How To Bee, the debut novel from New Zealand writer Bren MacDibble, initially paints a bleak picture of life. It is set in the near future, soon after repeated environmental disasters have wreaked havoc upon the ecosystems of the world and entirely wiped out its population of bees. Young children have taken over their work of pollinating flowers, including Peony, a 9-year-old girl who scrapes a simple living as a ‘bee’ with her siblings on an Australian farm. Despite the protests of her family, one day her mother decides that Peony must move to the city in order to find a job. She tries hard to adjust to her new life and friends, but has no intention of continuing her new urban existence for any longer than necessary.
Peony is a strong and engaging lead character, who shows great resilience and determination throughout. She is an inspiration to those around her, always leading by example when faced with difficult circumstances. The huge contrasts that exist between Peony’s two lifestyles help us empathise with her impossible situation as the story progresses and we begin to realise how desperately she is fighting for control of her future.

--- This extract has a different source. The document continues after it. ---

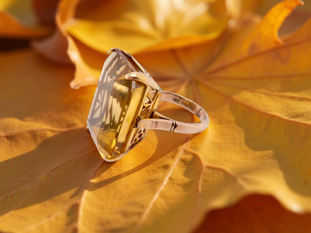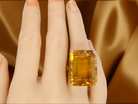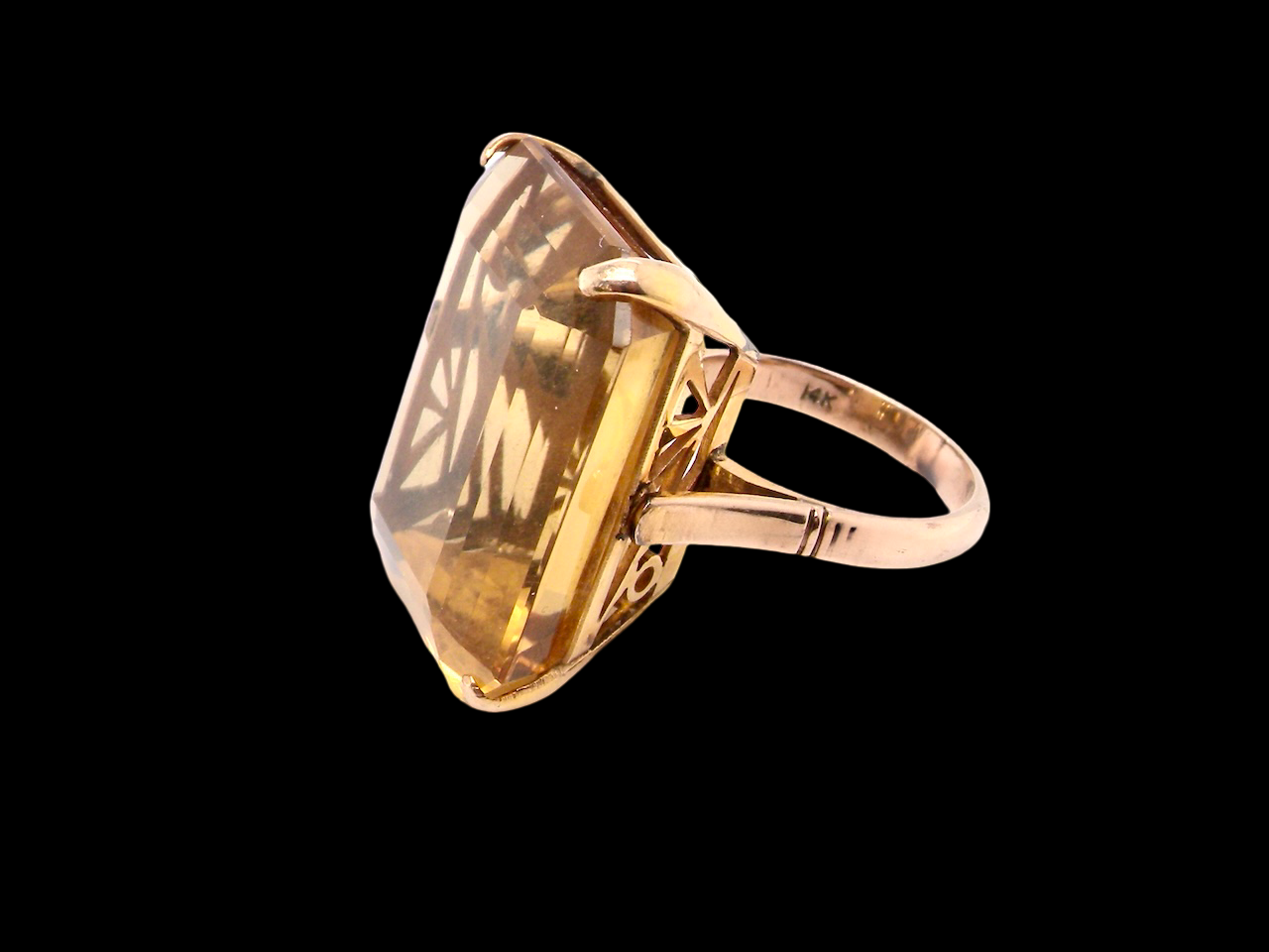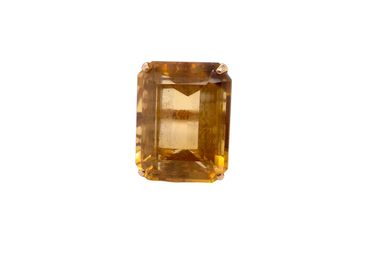 A very impressive dress ring. The large trap cut sherry coloured quartz stone measures 25x19mm, depth 18mm (includes basket undersetting).

The environmental issues covered, including the stark portrayal of the unsustainability and selfishness of lifestyles based around the high consumption of energy and resources, are particularly pertinent. Some other difficult topics are introduced, including domestic abuse towards both children and adults, which means that the book is best suited to late later junior years and early secondary years. The ending of the book is reminiscent of the conclusion of The Road by Cormac McCarthy, with the final flicker of hope just bright enough to extinguish some of the previous darkness. I thoroughly enjoyed reading How To Bee although, with its depiction of a world perhaps not too far removed from the one we are currently heading towards, it was a challenging and often emotional journey.